I'm sorry, Mark, but it's not necessary to cross the Georgia Straits to get to the San Juan Islands from Bellingham. Probably a toss-up between Anacortes and Bellingham to get to the San Juan Islands as far as the difficulty of the passage (generally a few easy hours)

That being said, Anacortes is technically on one of the San Juan Islands...(Fidalgo) 

At any rate, either place is a good place to start, and both AYC and San Juan Sailing have excellent reputations. 
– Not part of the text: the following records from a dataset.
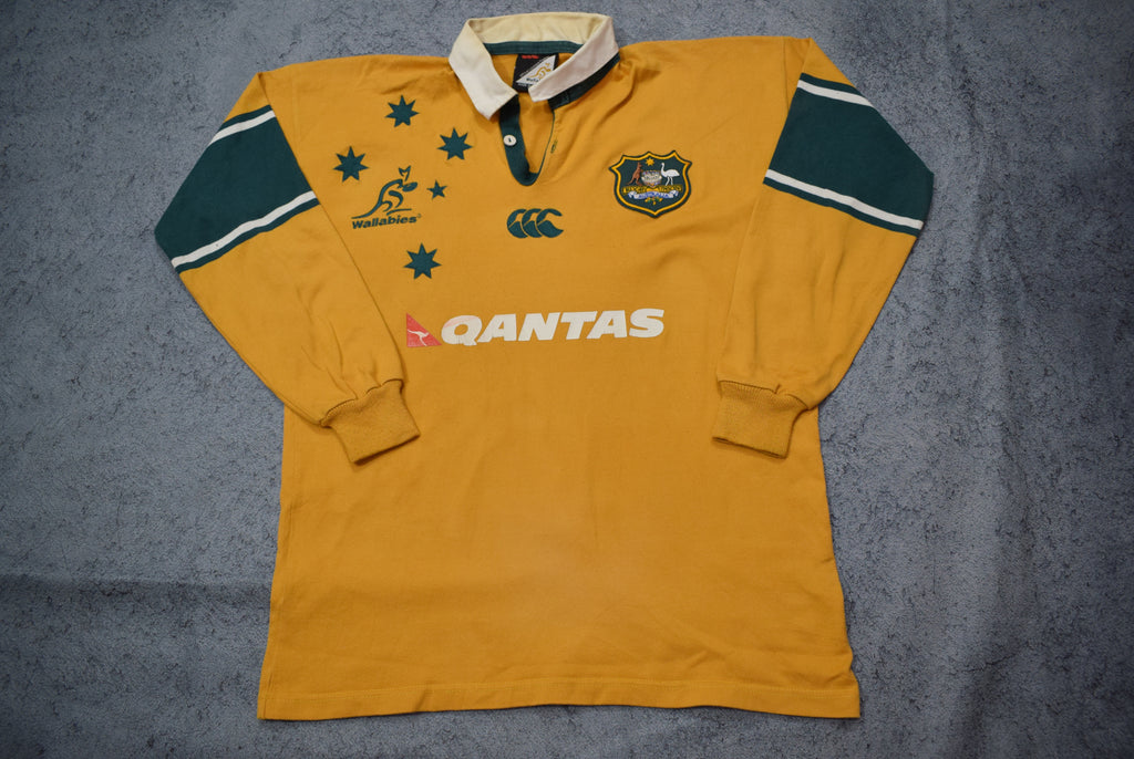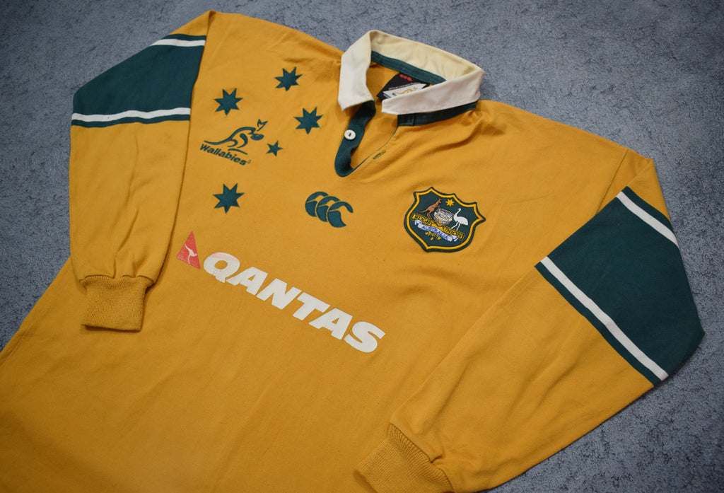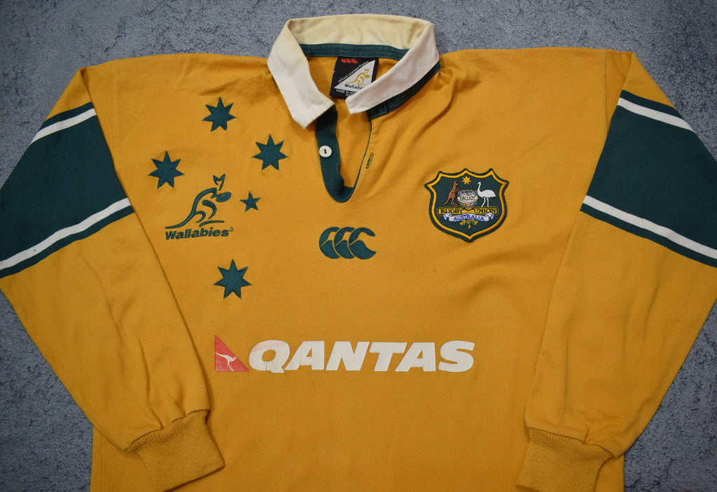 Description: A true blue Aussie classic, the Qantas sponsor fits well on this jersey in my opinion. Some excellent players turned our for the Wallabies in 04, including Chris Latham and George Smith and Larkham.
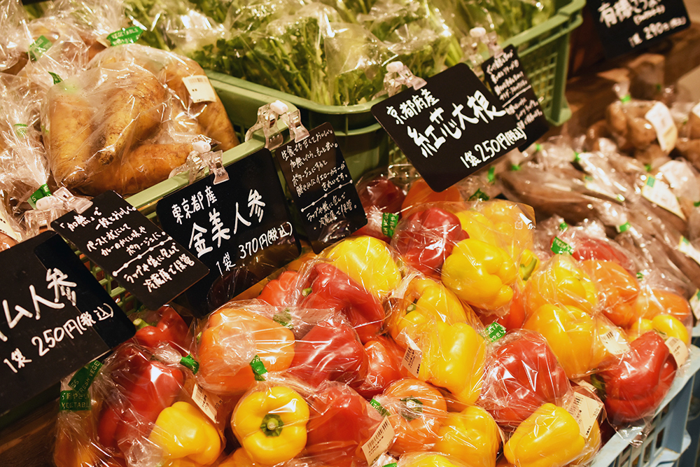生産者が丁寧に育てた新鮮な青果を販売するスペースも。季節のお野菜やフルーツを新鮮、かつリーズナブルなお値段で購入できるのはとってもうれしい!
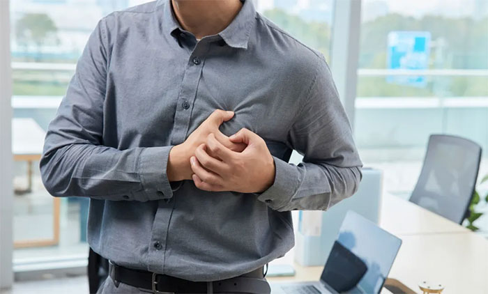 4. 胸闷不适:胸前区出现压迫感、发闷或疼痛。
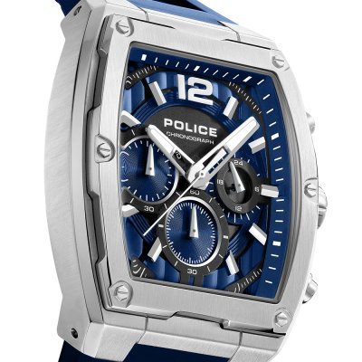 Zegarek marki Police ma stal chirurgiczna kopertę 42 mm średnicy i jest wyposażony w pasek z materiału guma. Wewnątrz koperty jest mechanizm Seiko Instruments Inc. i zegarek ma także szkiełko Mineralny.

Have a great trip, and let us know when/where you are leaving. We'll keep an eye out for you.


----------



## n7cjv (Feb 2, 2011)

Sorry, I genericized a bit. Starting from B'ham, you have to go around Lummi Is and cross over into the islands. Depending on where you're going, this could be ~3 hrs. Sometimes the winds from the straits can funnel down through here and things can get a bit rough depending on tide etc. The "3 hrs" is actually 6 hrs cuz you have to go back. On a week long trip, this can be a significant piece of time. My point was that perhaps starting from Anacortes might give you more time "in the islands" depending on your itinerary.


----------



## CharlieCobra (May 23, 2006)

AT least if ya come out of B-Ham you'll likely have some wind in the Summer, unlike Anacortes...


----------



## jackdale (Dec 1, 2008)

CharlieCobra said:


> AT least if ya come out of B-Ham you'll likely have some wind in the Summer, unlike Anacortes...
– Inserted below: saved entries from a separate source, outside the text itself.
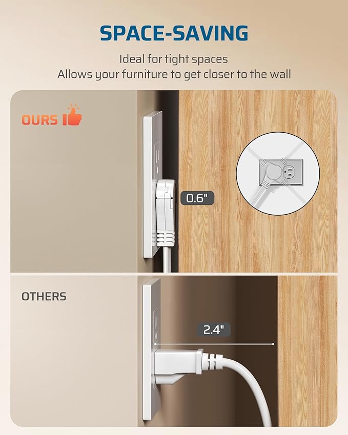 - [Compact & Low-Profile] This 1 foot extension cord with a flat plug sits flush against the wall, preventing obstruction while maintaining accessibility in tight spaces. Its short-length design effortlessly tucks behind sofas, nightstands, cabinets, and vanities, keeping your setup neat
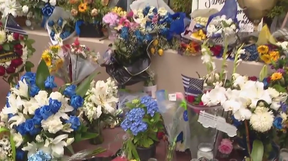The Baldwin Park community is mourning the loss of Officer Samuel Riveros, 35, a nine-year veteran of the department, and Darius Wong, 43, a father of two. A growing memorial outside the Baldwin Park Police Department honors their memory, with tributes including flowers, notes, and memorabilia.
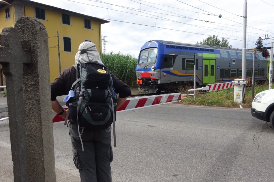 We are no longer in the wilds of the Po Valley so we have to wait at railway crossings
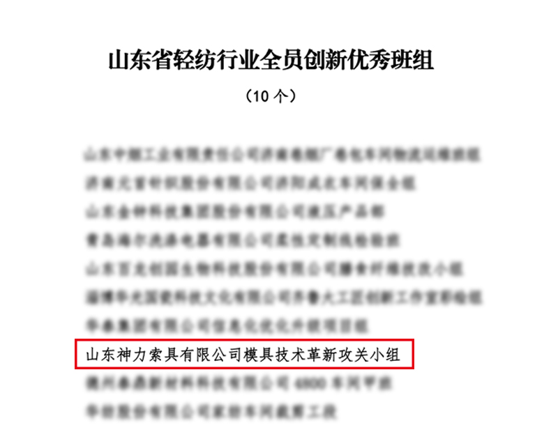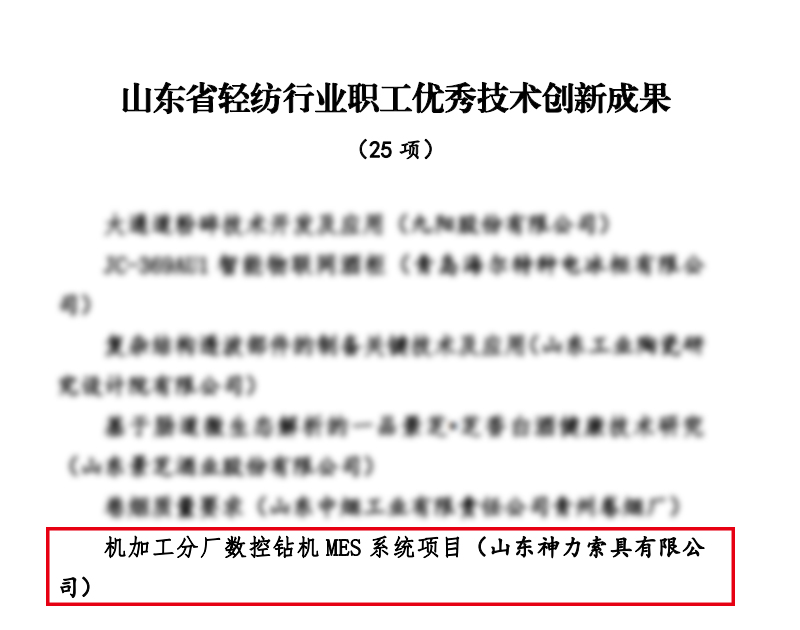 近日,山東省輕紡工會組織開展了2021年度全省輕紡行業全員創新競賽有關工作,山東神力索具有限公司模具技術革新攻關小組榮獲“山東省輕紡行業全員創新優秀班組”稱號、劉運斌創新工作室榮獲“山東省輕紡行業勞模和工匠人才創新工作室”稱號、機加工分廠數控鉆機MES系統項目榮獲“山東省輕紡行業職工優秀技術創新成果”稱號。

And Rosario can have some very nasty currents. I have not sailed out of Bellingham, so I cannot comment.


----------



## jrd22 (Nov 14, 2000)

I think Moorings is in B'ham also. I see their boats out here. Anacortes will be an hour or two shorter trip each way, you have to cross Rosario St. regardless.
I thought I heard about a charter outfit in Friday Harbor on San Juan Island, but don't remember the name.


----------



## Checkov (Mar 2, 2011)

Thanks all, this is great info.


----------



## watchoverya (Jan 22, 2011)

San Juan Sailing (San Juan Island Sailing Charter San Juan Yacht Charters San Juan Islands Sailing School BareBoat Charters Pacific Northwest Sailing) out of Bellingham is fantastic. Great boats, great people. B'ham (IMHO) is the place to start from if you want the best (northern) part of the San Juans.


----------



## FishSticks (Nov 16, 2007)

Chartered a trawler from AYC the last week in August 11 years ago.. My only time on a power boat. There was zero wind the entire week. Had a great time and AYC was first rate.


----------



## HathewayB (Jan 4, 2011)

You've probably got your answers by now, but if you still have not made up your mind...
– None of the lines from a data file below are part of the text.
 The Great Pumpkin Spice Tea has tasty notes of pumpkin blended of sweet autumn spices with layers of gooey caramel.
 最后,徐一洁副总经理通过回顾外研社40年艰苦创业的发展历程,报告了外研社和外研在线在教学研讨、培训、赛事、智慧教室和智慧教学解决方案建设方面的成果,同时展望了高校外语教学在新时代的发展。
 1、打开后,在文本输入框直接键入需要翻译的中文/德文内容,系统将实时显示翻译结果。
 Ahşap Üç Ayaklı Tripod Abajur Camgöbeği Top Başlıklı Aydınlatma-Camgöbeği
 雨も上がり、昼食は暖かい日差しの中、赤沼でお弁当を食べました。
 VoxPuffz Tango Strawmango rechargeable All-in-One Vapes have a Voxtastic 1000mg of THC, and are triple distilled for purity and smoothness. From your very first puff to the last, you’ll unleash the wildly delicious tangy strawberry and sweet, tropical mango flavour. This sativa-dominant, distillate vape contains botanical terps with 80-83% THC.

San Juan Sailing is great, especially for 1st timers in the San Juans or Canadian Gulf Islands. They have a great skipper's meeting on the Friday afternoon/evening before your charter starts on Saturday. They cover in great detail all the charts, tide schedules and current charts (very important in the SJ's) and all the safe anchorages and passages. The hand out charts showing all the hazardous rocks, and there are a lot out there! They have very informational discussions about where and when to see whales and how to respectfully, and legally, view the whales. As reminders to infrequent charter boaters they also cover anchoring and docking techniques and they provide suggested itineraries around the Islands. Also, if you sign up for their Friday sleep-on-the-boat option they include a nice BBQ right after the skipper's meeting, which is a lot of fun and you get to meet the others that you will be sharing anchorages with during the week. 

A couple of added advantages to Bellingham, IMO...easy access from I-5, very convenient and close provisioning grocery stores, free and accessible parking at SJS. Very, very convenient.


----------